One good turn...
Dad was a patternmaker so I've always been around tools, worked with wood, etc. Turned a baseball bat and other spindle stuff on his old Powermatic when I was a kid. When I became "A Man" and got my own house first thing to do was set up shop with whatever I could afford. And that wasn't much. I'm a musician and I built a LOT of speaker cabs, amp racks, cases and other boxes in that shop in the last 25 years, a lot for $$, a lot for me. Always wanted to build furniture but couldn't afford the materials much less all the equipment. Now that the kid is through college I'm spending all my "band money" on the shop. All new tooling in the past three years and more to come.
The one thing I had always wanted though was a lathe. I consider it to be the potter's wheel of woodworking. It's the one piece of machinery on which even a beginner can make something nice. It's such a "zen thing" applying the tool to the material and just watching what comes out. So last summer I bought a little Penn State MIDI cause I didn't know if A) I'd be any good at it and B) if I would enjoy it as much as I remembered.

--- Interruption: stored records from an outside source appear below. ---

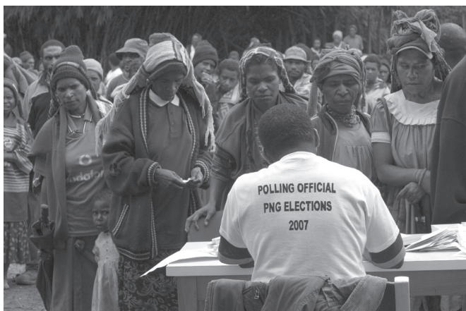
Local villagers and clanspeople congregate at the remote Kiburu polling station to cast their votes in the 2007 general election (Mendi, Southern Highlands, Papua New Guinea).

Islands it is the vast distances that have hindered construction of a social compact. People in outlying islands perceive that the centre has done little for their lives, while rapacious politicians and entrepreneurs have contributed to extracting the nation's natural resource base.
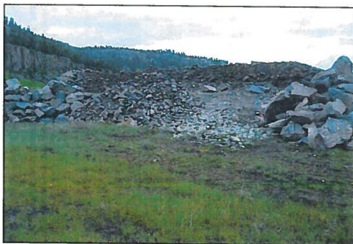
Access ramp in western excavation area
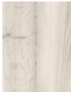
700 Summit Oak
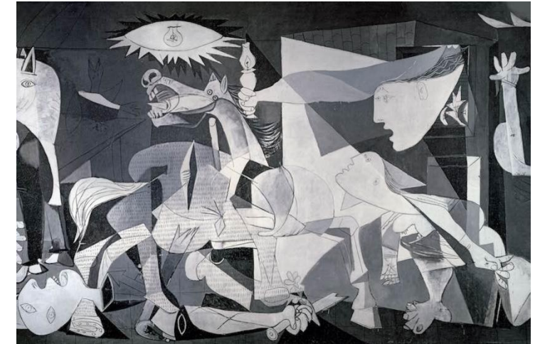
Guernica by Picasso
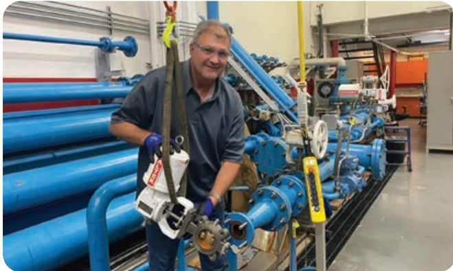
Flowserve engineers conducted numerous hours of cycle testing on the new high-cycle soft seat arrangement before finalizing the design.
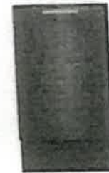
(Panel Ready) UDT518SAHP
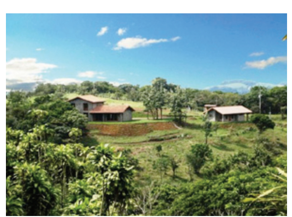
Coffee farm in Costa Rica
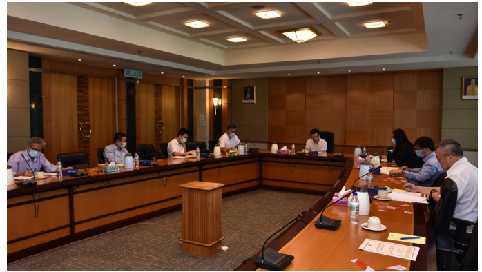
Meeting in progress

The Meeting agreed that plywood members must continue to seek the Government's intervention to assist the timber industry especially plywood manufacturers whose production volumes have decreased drastically due to reduction in the demand for plywood from Sarawak arising from uncompetitive pricing and high production costs.
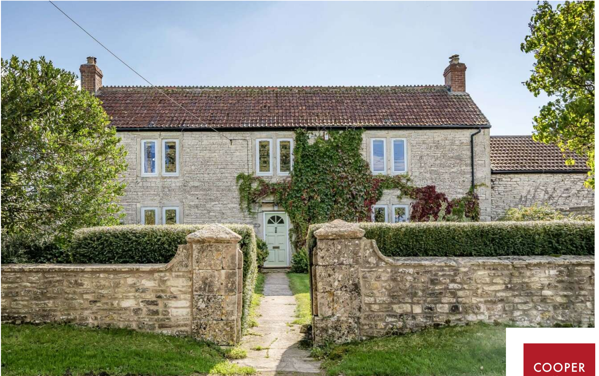
Manor Farm, Clapton, Midsomer Norton BA3 4EB
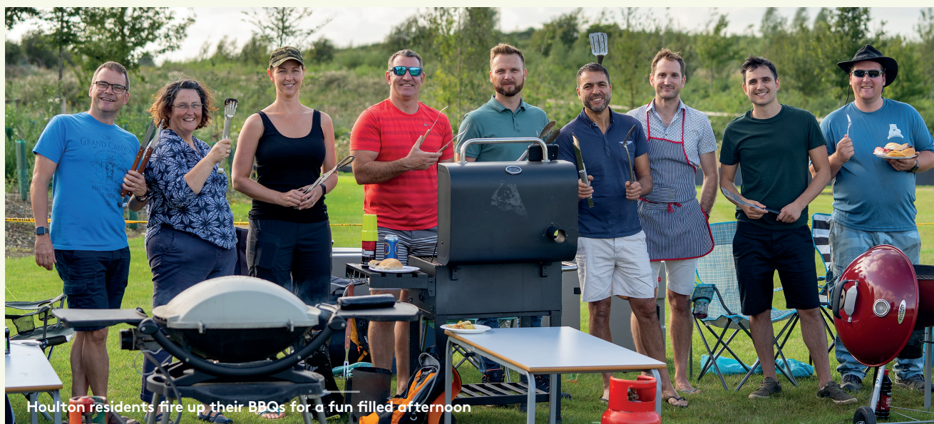
Houlton residents fire up their BBQs for a fun filled afternoon

July also saw a huge annual art event, Warwickshire Open Studios, come to The Barn. Involving over 300 artists at 151 venues across
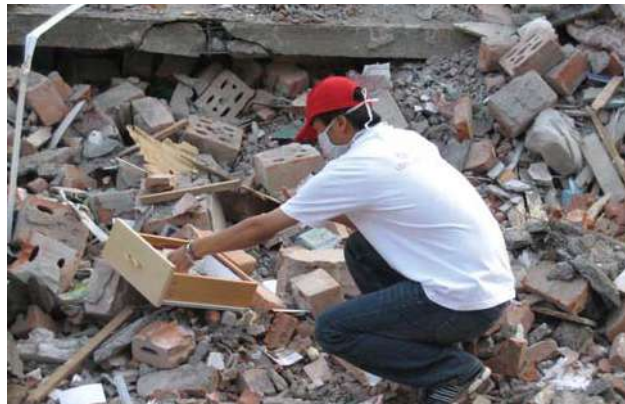
△ Amity staff doing need assessment after the earthquake

Well. You all know how that goes. It turns out (sorry) that A) I'm not too bad at all and B) I like it so much that now I have to pull myself away from the lathe to work on my furniture projects. The wife and I are already talking about woodturning as a retirement income enhancer and that won't come for another 10-15 years.
I'm currently saving for a 16" swing model. No room in the shop for a big PM.